Therefore, the results of operations discussed below are not
necessarily indicative of the Company's prospective annual results.
The Company expects its United States sales for the fiscal quarter ended
September 1998 to be lower than the second fiscal quarter of Fiscal
1998 due to reduced product sales.
RESULTS OF OPERATIONS
NET REVENUES Consolidated net revenues for the three month
period ended July 3, 1998 increased $28.6 million (94%) as compared
to the same period ended June 30, 1997. The increase in net
revenues resulted primarily from increased unit sales of audio
products and microwave ovens, partially offset by reductions
in other product categories. Additionally, a significant reduction
in returned product was recorded in the current period as compared
to the same period in the prior year. The significant
reduction in returned product is attributable to higher returns in
the June, 1997 quarter due to the opening of a return processing
center in early 1997 that resulted in delays in processing returns
that flowed into the June 1997 quarter; and an overall more
restrictive return policy by the Company's customers. While the
Company expects the latter to continue, the effect of the
processing center was a one time event. Revenues
earned from the licensing of the Emerson and G Clef trademark were
$613,000 and $1,000,000 in the three month period ended July
3,1998 and June 30,1997, respectively.
The Company reports royalty and commission revenues
earned from its licensing arrangements, covering various products
and territories, in lieu of reporting the full dollar value of
such sales and associated costs.
COST OF SALES Cost of Sales, as a percentage of
consolidated net revenues, was 88% for the three month period ended
July 3, 1998 as compared to 93% for the same period in Fiscal 1998.

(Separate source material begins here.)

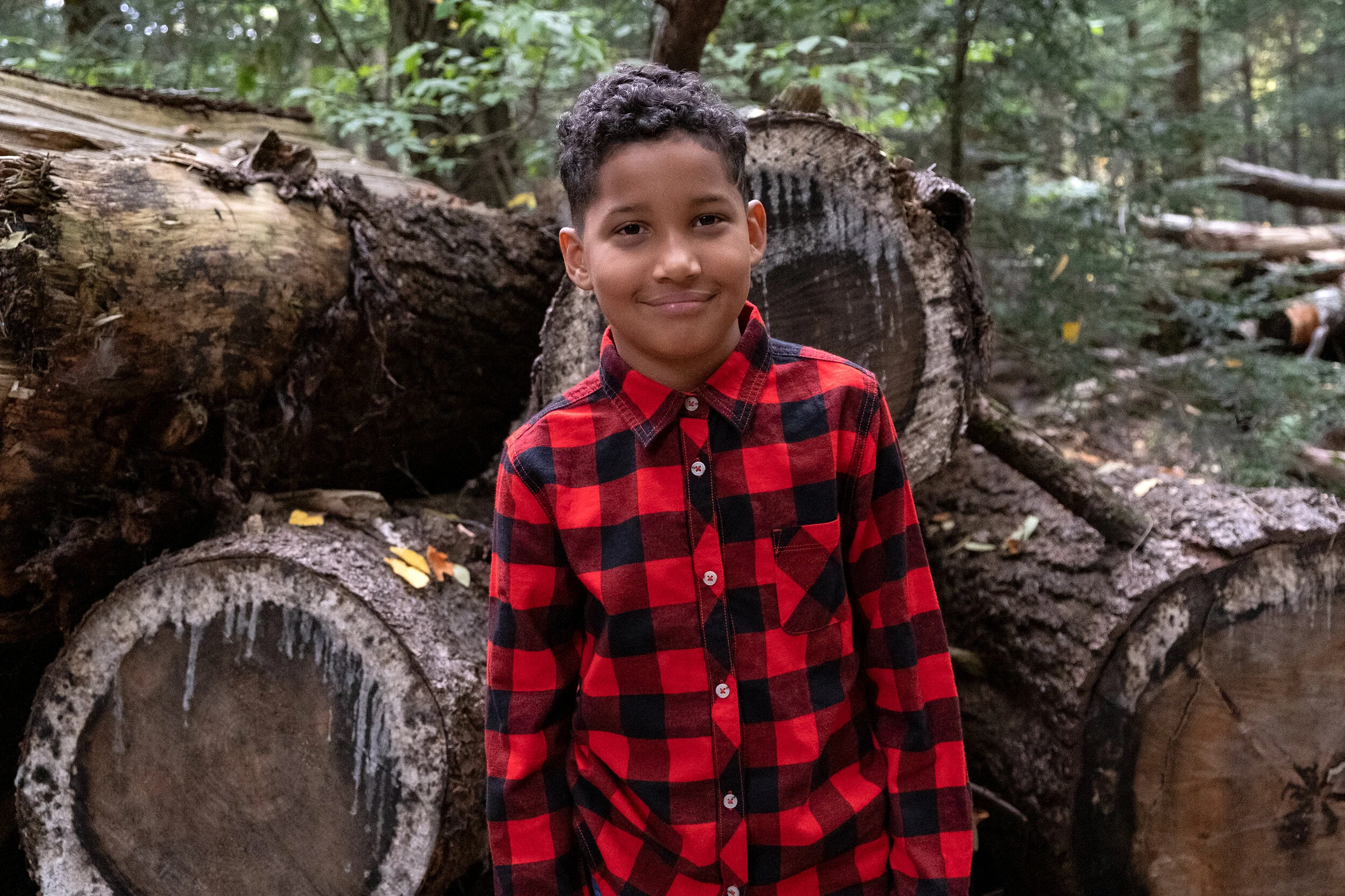 Smiling young boy with curly hair wearing a red and black plaid shirt standing in front of stacked cut logs in a forest setting.

Margins in the current quarter were significantly improved as a percent of
sales primarily as a result of: (i) a change in the product
mix to higher margin products; (ii) a reduction of inventory
overhead costs due to the Company's successful efforts to shift to
a higher portion of its sales to a direct import basis; and (iii)
a significant reduction in returned products and resulting loss
on such product. For the three month period ended July 3, 1998,
products representing approximately 87% of net revenues were
directly imported from manufacturers to the Company's customers
as compared to 78% for the same period last year.
The Company's gross profit margins continue to be subject to
competitive pressures arising from pricing strategies associated
with the category of the consumer electronics market in which
the Company competes. The Company's products compete generally
in the low-to-medium priced category of the market which tend to
be the most competitive and generate the lowest profit margins.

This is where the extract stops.